ROMEO           Amen, amen! but come what sorrow can,

                        It cannot countervail the exchange of joy

                        That one short minute gives me in her sight.

                        Do thou but close our hands with holy words,

                        Then love-devouring Death do what he dare,

                        It is enough I may but call her mine. (2.6.1-8)

Slightly ambiguous on the page, although probably not in performance: may the heavens smile, rather than thus, in this way the heavens smile. There’s a return to binaries here: smile and chide, love and Death, and especially joy and sorrow, and also hours and one short minute; it’s not quite oxymoron, but it’s got something of that compressed, bittersweet intensity. The Friar has made up his mind: he is about to perform a holy act that will be blessed by God, and Romeo responds as if to a prayer: Amen, amen! He can’t believe that any sorrow could possibly countervail– outweigh, or even counterbalance – the joy of being with Juliet, let alone of marrying her. Exchange of joy here probably means the joy that I get now in place of such future sorrow, but in the larger context of the speech, the temptation is to recall the exchange of thy love’s faithful vow for mine which Romeo has imagined and hoped for in the balcony scene. And exchange here suggests a mutual action; the Friar has already invoked an us, but Romeo’s our is just the two of us, do thou but close our hands– and the image of the hands clasped in making the vows of marriage takes us back even to the scene in which the lovers met, when the holy words were supplied by Romeo and Juliet themselves. (That would be last night. Less than 24 hours ago. Or, if you’ve just joined us, on 13 March.) It’s all full of horrible irony: the imagining of future sorrow, the one short minute, the love-devouring Death. (The capital on Deathis an editorial choice, but it turns the knife of irony in its specific anticipation of Romeo’s personification of death in the tomb scene.) But mostly, despite that, and despite the Friar’s best efforts to keep a lid on it, this scene is joyous.
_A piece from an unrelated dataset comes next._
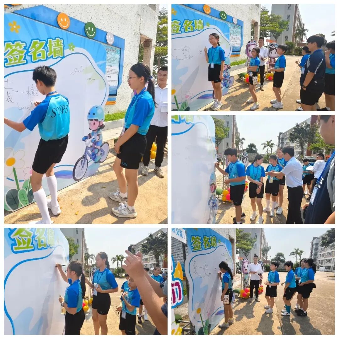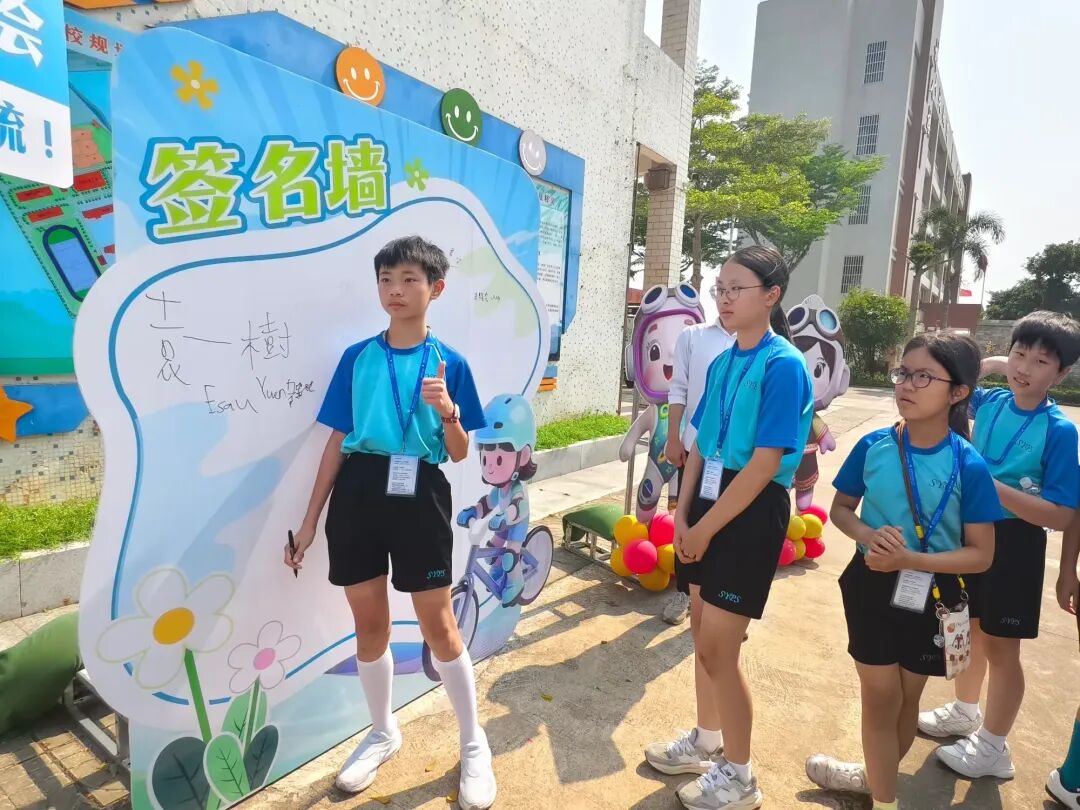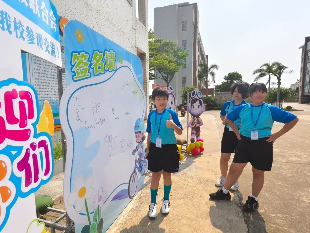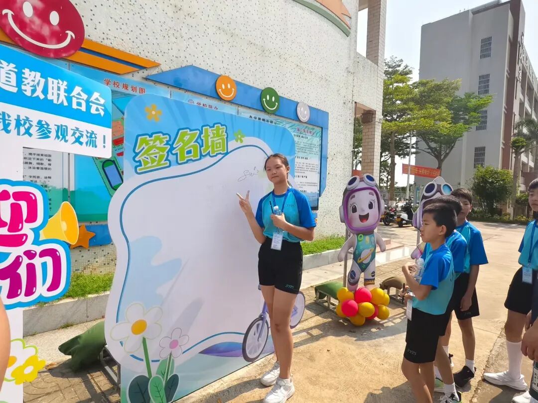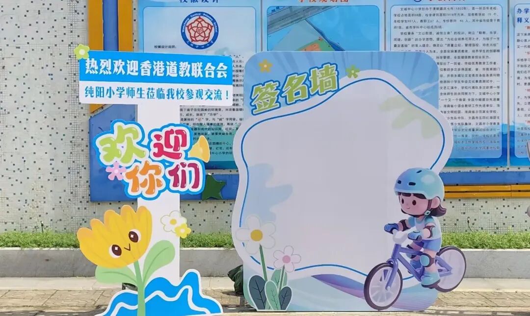 研学团师生来到签名墙前,一笔一划写下自己的名字,定格这份跨越琼港的缘分。他们还与我校吉祥物(文飞飞、紫悦悦)亲切合影,学校为他们送上了可爱的吉祥物礼品,一份小小的礼物,承载着两地学子的真挚情谊,也成为了本次联谊活动的珍贵纪念,美好在此刻定格。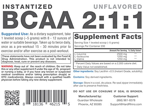 1 Kilogram (2.2 Lbs), BCAA 2:1:1 Instantized Powder with Scoop Included

I think what’s underpinning this exchange, and the scene, is the marriage service in the Book of Common Prayer – which cannot be shown or staged. So, here, the imagining of the exchange of vows and the joining of hands, of naming (‘I N. take thee N.’), and the invocation of joy and sorrow (‘in prosperity and adversity’, ‘for better for worse’ and so on). It’s both giving us a version of what’s about to happen, and demonstrating how closely that language and those concepts (marriage as being ‘ordained for the mutual society, help, and comfort, that the one ought to have of the other’, for example) are already woven into the texture of the play.

It would be possible to get a bit huffy about Romeo’s possessiveness, It is enough I may but call her mine, but why bother? I’d rather suggest, first, that here Romeo echoes the way in which they’ve already claimed each other in the balcony scene and subsequently: my lady, my love, my niësse; my Romeo, my love. Mutuality and exchange have characterised how they’ve spoken to, and about, each other. To call her mine also recalls the importance of names and naming in the play: if he calls her mine, if that’s enough, all that matters, then she is indeed no longer a Capulet and he, by the same token, is no longer a Montague. To borrow from John Donne’s ‘Lovers’ Infiniteness’, they will ‘be one, and one another’s all’. (Or from Mr Barry White, ‘my first, my last, my everything’. Shakespeare did it first, and Donne did it better.)